** Opening DATASET ENTRIES block **

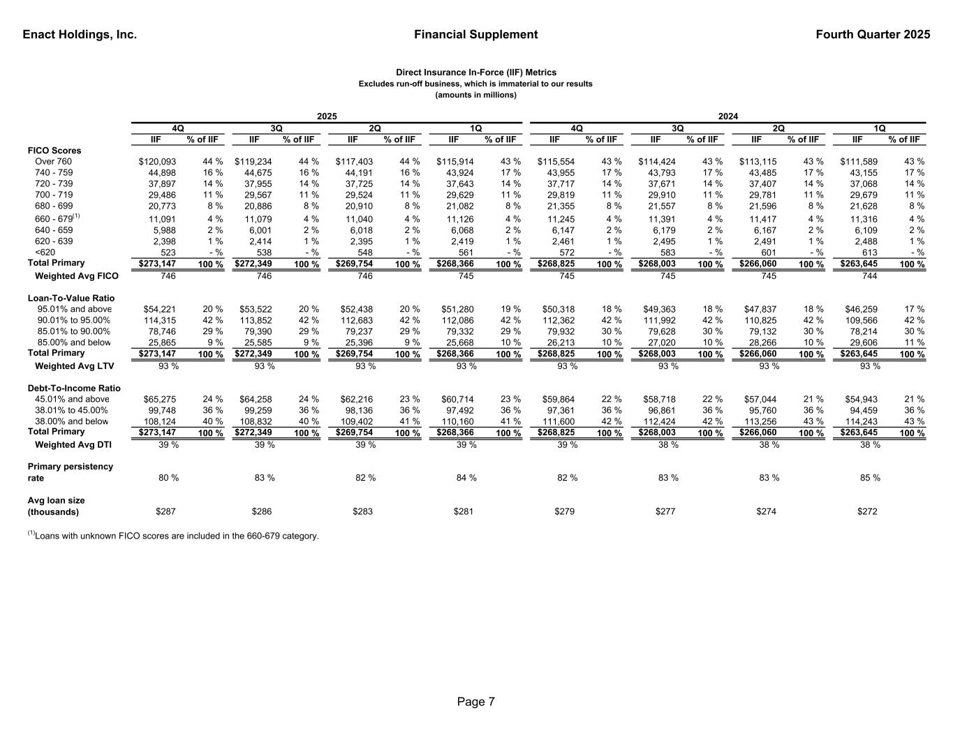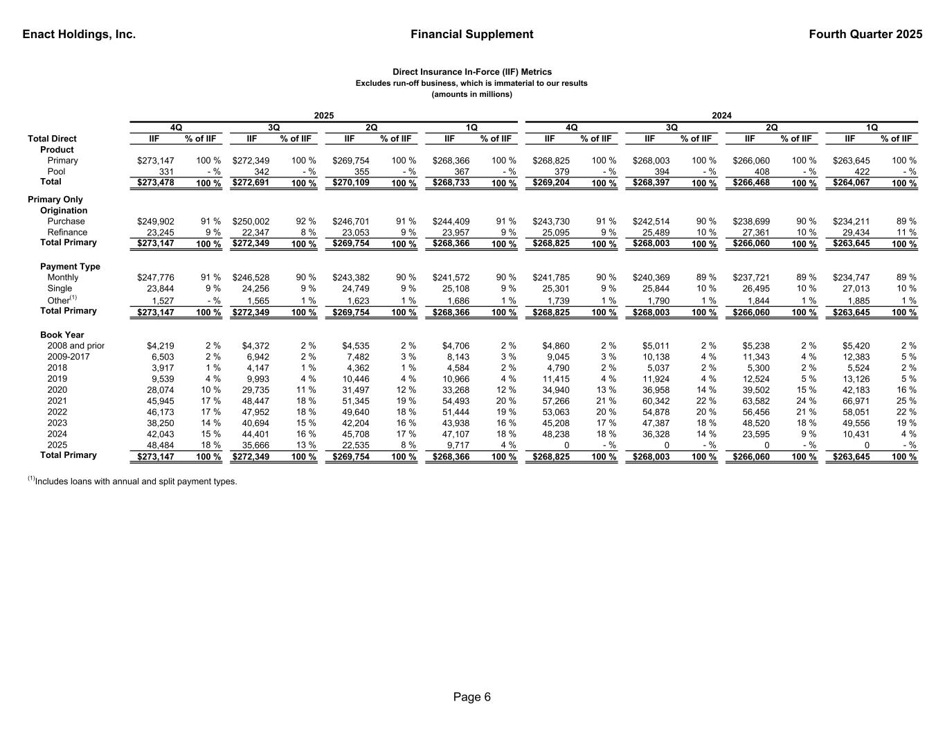 Enact Holdings, Inc. Financial Supplement Fourth Quarter 2025 Total Direct IIF % of IIF IIF % of IIF IIF % of IIF IIF % of IIF IIF % of IIF IIF % of IIF IIF % of IIF IIF % of IIF Product Primary $273,147 100 % $272,349 100 % $269,754 100 % $268,366 100 % $268,825 100 % $268,003 100 % $266,060 100 % $263,645 100 % Pool 331 - % 342 - % 355 - % 367 - % 379 - % 394 - % 408 - % 422 - % Total $273,478 100 % $272,691 100 % $270,109 100 % $268,733 100 % $269,204 100 % $268,397 100 % $266,468 100 % $264,067 100 % Primary Only Origination Purchase $249,902 91 % $250,002 92 % $246,701 91 % $244,409 91 % $243,730 91 % $242,514 90 % $238,699 90 % $234,211 89 % Refinance 23,245 9 % 22,347 8 % 23,053 9 % 23,957 9 % 25,095 9 % 25,489 10 % 27,361 10 % 29,434 11 % Total Primary $273,147 100 % $272,349 100 % $269,754 100 % $268,366 100 % $268,825 100 % $268,003 100 % $266,060 100 % $263,645 100 % Payment Type Monthly $247,776 91 % $246,528 90 % $243,382 90 % $241,572 90 % $241,785 90 % $240,369 89 % $237,721 89 % $234,747 89 % Single 23,844 9 % 24,256 9 % 24,749 9 % 25,108 9 % 25,301 9 % 25,844 10 % 26,495 10 % 27,013 10 % Other(1) 1,527 - % 1,565 1 % 1,623 1 % 1,686 1 % 1,739 1 % 1,790 1 % 1,844 1 % 1,885 1 % Total Primary $273,147 100 % $272,349 100 % $269,754 100 % $268,366 100 % $268,825 100 % $268,003 100 % $266,060 100 % $263,645 100 % Book Year 2008 and prior $4,219 2 % $4,372 2 % $4,535 2 % $4,706 2 % $4,860 2 % $5,011 2 % $5,238 2 % $5,420 2 % 2009-2017 6,503 2 % 6,942 2 % 7,482 3 % 8,143 3 % 9,045 3 % 10,138 4 % 11,343 4 % 12,383 5 % 2018 3,917 1 % 4,147 1 % 4,362 1 % 4,584 2 % 4,790 2 % 5,037 2 % 5,300 2 % 5,524 2 % 2019 9,539 4 % 9,993 4 % 10,446 4 % 10,966 4 % 11,415 4 % 11,924 4 % 12,524 5 % 13,126 5 % 2020 28,074 10 % 29,735 11 % 31,497 12 % 33,268 12 % 34,940 13 % 36,958 14 % 39,502 15 % 42,183 16 % 2021 45,945 17 % 48,447 18 % 51,345 19 % 54,493 20 % 57,266 21 % 60,342 22 % 63,582 24 % 66,971 25 % 2022 46,173 17 % 47,952 18 % 49,640 18 % 51,444 19 % 53,063 20 % 54,878 20 % 56,456 21 % 58,051 22 % 2023 38,250 14 % 40,694 15 % 42,204 16 % 43,938 16 % 45,208 17 % 47,387 18 % 48,520 18 % 49,556 19 % 2024 42,043 15 % 44,401 16 % 45,708 17 % 47,107 18 % 48,238 18 % 36,328 14 % 23,595 9 % 10,431 4 % 2025 48,484 18 % 35,666 13 % 22,535 8 % 9,717 4 % 0 - % 0 - % 0 - % 0 - % Total Primary $273,147 100 % $272,349 100 % $269,754 100 % $268,366 100 % $268,825 100 % $268,003 100 % $266,060 100 % $263,645 100 % (1)Includes loans with annual and split payment types. 4Q 3Q1Q Direct Insurance In-Force (IIF) Metrics Excludes run-off business, which is immaterial to our results (amounts in millions) 1Q 2024 2Q4Q 2025 2Q3Q Page 6
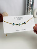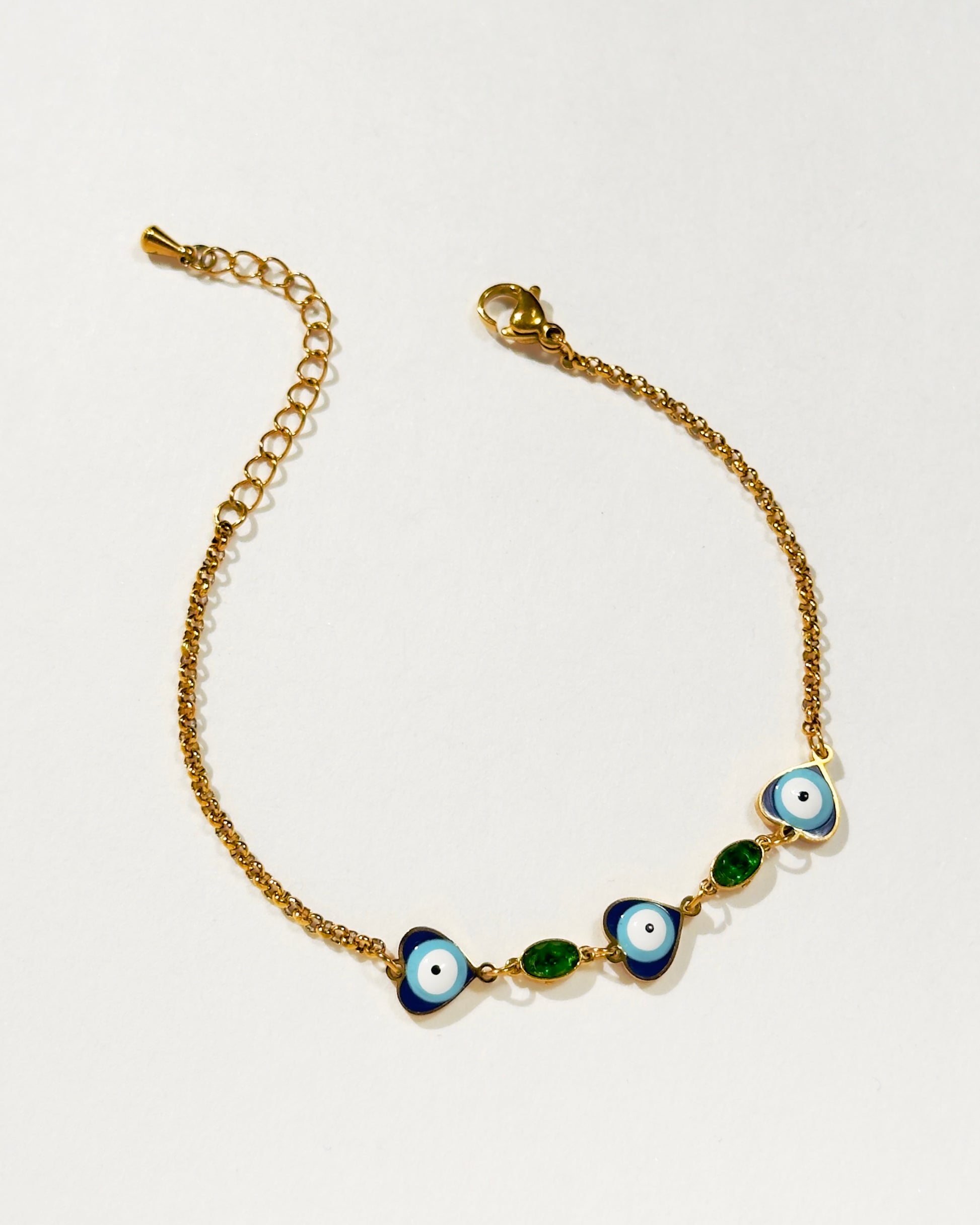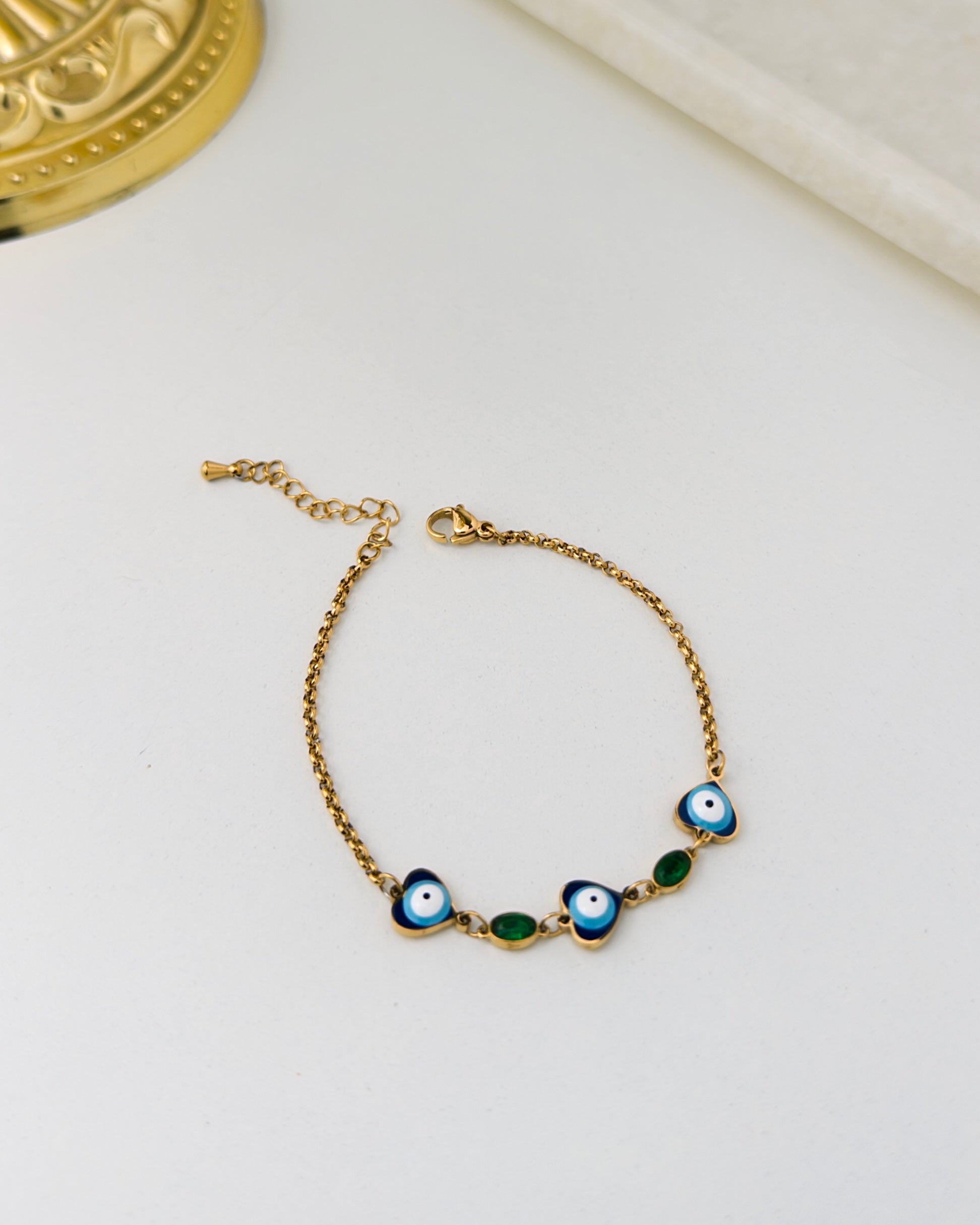 A sleek and minimal evil eye bracelet designed with petite charms and subtle green accents. Perfect for everyday wear without overpowering your look.
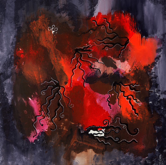Contemporary painting: Red fluid.work made with a knife using acrylic paint (Pébéo-Studio) and Posca (Uni) on a wooden frame covered in cotton (100% cotton).
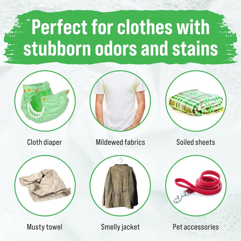 - Powerful Odor Eliminator - Say goodbye to stubborn stinky build-ups with our laundry odor eliminator for clothes! Rockin Green Funk Rock is a deep-cleaning plant-based laundry soap powder that targets nasty biological stains and odors at the source for towels, sheets, clothes, and cloth diapers.
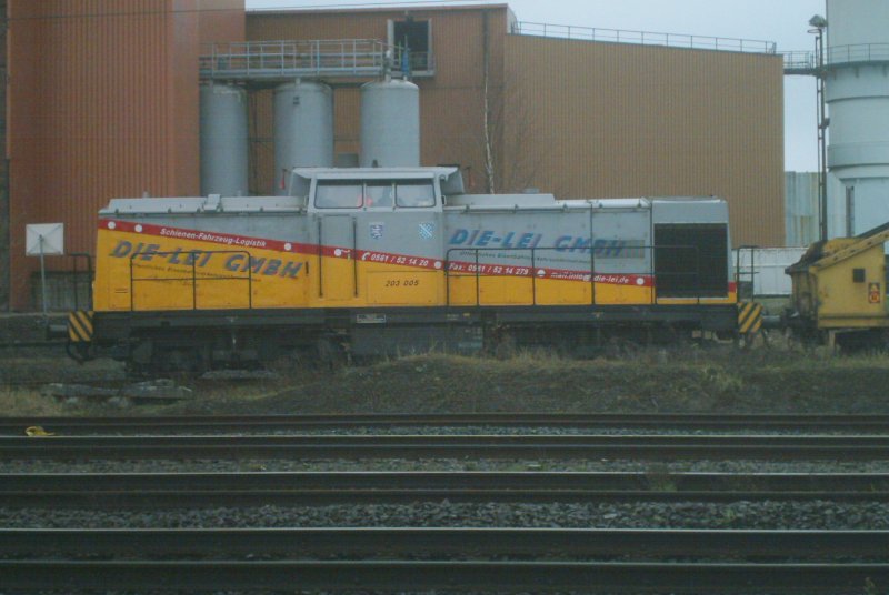 203 005 der "Die-Lei GmbH" im Bahnhof Peine am 10.04.2008
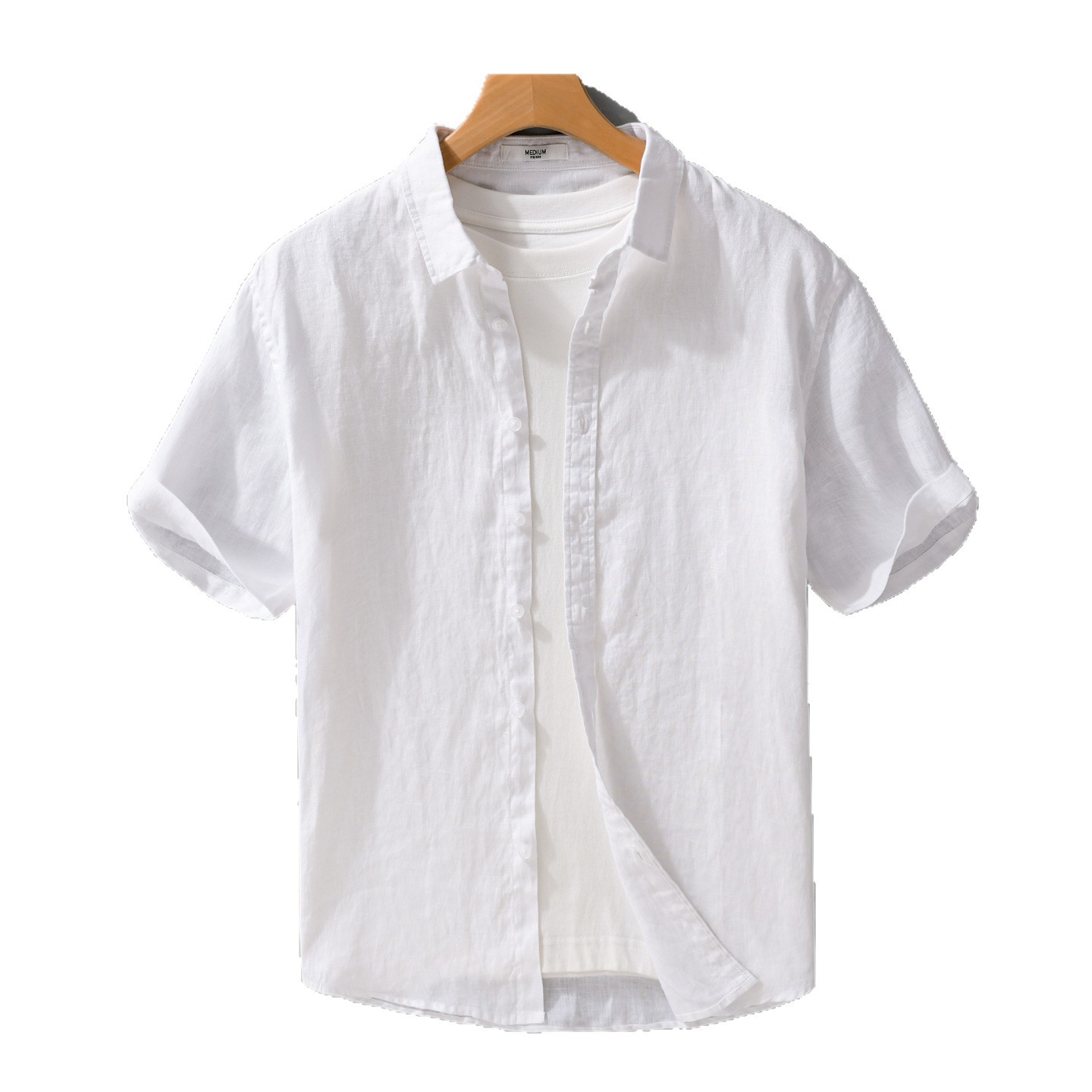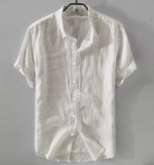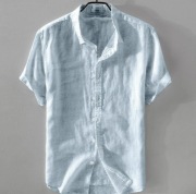 린넨 남성복 심플하고 활용도가 높은 캐주얼 린넨 반팔 셔츠 대량 유럽 사이즈 남성 반팔 셔츠

** Closing DATASET ENTRIES block **

**EXERCISE DIRECTIONS**
Give back every entry verbatim. No pictures belong in the copy.

**REPLY TO THE TASK**
 Enact Holdings, Inc. Financial Supplement Fourth Quarter 2025 Total Direct IIF % of IIF IIF % of IIF IIF % of IIF IIF % of IIF IIF % of IIF IIF % of IIF IIF % of IIF IIF % of IIF Product Primary $273,147 100 % $272,349 100 % $269,754 100 % $268,366 100 % $268,825 100 % $268,003 100 % $266,060 100 % $263,645 100 % Pool 331 - % 342 - % 355 - % 367 - % 379 - % 394 - % 408 - % 422 - % Total $273,478 100 % $272,691 100 % $270,109 100 % $268,733 100 % $269,204 100 % $268,397 100 % $266,468 100 % $264,067 100 % Primary Only Origination Purchase $249,902 91 % $250,002 92 % $246,701 91 % $244,409 91 % $243,730 91 % $242,514 90 % $238,699 90 % $234,211 89 % Refinance 23,245 9 % 22,347 8 % 23,053 9 % 23,957 9 % 25,095 9 % 25,489 10 % 27,361 10 % 29,434 11 % Total Primary $273,147 100 % $272,349 100 % $269,754 100 % $268,366 100 % $268,825 100 % $268,003 100 % $266,060 100 % $263,645 100 % Payment Type Monthly $247,776 91 % $246,528 90 % $243,382 90 % $241,572 90 % $241,785 90 % $240,369 89 % $237,721 89 % $234,747 89 % Single 23,844 9 % 24,256 9 % 24,749 9 % 25,108 9 % 25,301 9 % 25,844 10 % 26,495 10 % 27,013 10 % Other(1) 1,527 - % 1,565 1 % 1,623 1 % 1,686 1 % 1,739 1 % 1,790 1 % 1,844 1 % 1,885 1 % Total Primary $273,147 100 % $272,349 100 % $269,754 100 % $268,366 100 % $268,825 100 % $268,003 100 % $266,060 100 % $263,645 100 % Book Year 2008 and prior $4,219 2 % $4,372 2 % $4,535 2 % $4,706 2 % $4,860 2 % $5,011 2 % $5,238 2 % $5,420 2 % 2009-2017 6,503 2 % 6,942 2 % 7,482 3 % 8,143 3 % 9,045 3 % 10,138 4 % 11,343 4 % 12,383 5 % 2018 3,917 1 % 4,147 1 % 4,362 1 % 4,584 2 % 4,790 2 % 5,037 2 % 5,300 2 % 5,524 2 % 2019 9,539 4 % 9,993 4 % 10,446 4 % 10,966 4 % 11,415 4 % 11,924 4 % 12,524 5 % 13,126 5 % 2020 28,074 10 % 29,735 11 % 31,497 12 % 33,268 12 % 34,940 13 % 36,958 14 % 39,502 15 % 42,183 16 % 2021 45,945 17 % 48,447 18 % 51,345 19 % 54,493 20 % 57,266 21 % 60,342 22 % 63,582 24 % 66,971 25 % 2022 46,173 17 % 47,952 18 % 49,640 18 % 51,444 19 % 53,063 20 % 54,878 20 % 56,456 21 % 58,051 22 % 2023 38,250 14 % 40,694 15 % 42,204 16 % 43,938 16 % 45,208 17 % 47,387 18 % 48,520 18 % 49,556 19 % 2024 42,043 15 % 44,401 16 % 45,708 17 % 47,107 18 % 48,238 18 % 36,328 14 % 23,595 9 % 10,431 4 % 2025 48,484 18 % 35,666 13 % 22,535 8 % 9,717 4 % 0 - % 0 - % 0 - % 0 - % Total Primary $273,147 100 % $272,349 100 % $269,754 100 % $268,366 100 % $268,825 100 % $268,003 100 % $266,060 100 % $263,645 100 % (1)Includes loans with annual and split payment types. 4Q 3Q1Q Direct Insurance In-Force (IIF) Metrics Excludes run-off business, which is immaterial to our results (amounts in millions) 1Q 2024 2Q4Q 2025 2Q3Q Page 6
 A sleek and minimal evil eye bracelet designed with petite charms and subtle green accents. Perfect for everyday wear without overpowering your look.
Contemporary painting: Red fluid.work made with a knife using acrylic paint (Pébéo-Studio) and Posca (Uni) on a wooden frame covered in cotton (100% cotton).
 - Powerful Odor Eliminator - Say goodbye to stubborn stinky build-ups with our laundry odor eliminator for clothes! Rockin Green Funk Rock is a deep-cleaning plant-based laundry soap powder that targets nasty biological stains and odors at the source for towels, sheets, clothes, and cloth diapers.
 203 005 der "Die-Lei GmbH" im Bahnhof Peine am 10.04.2008
 린넨 남성복 심플하고 활용도가 높은 캐주얼 린넨 반팔 셔츠 대량 유럽 사이즈 남성 반팔 셔츠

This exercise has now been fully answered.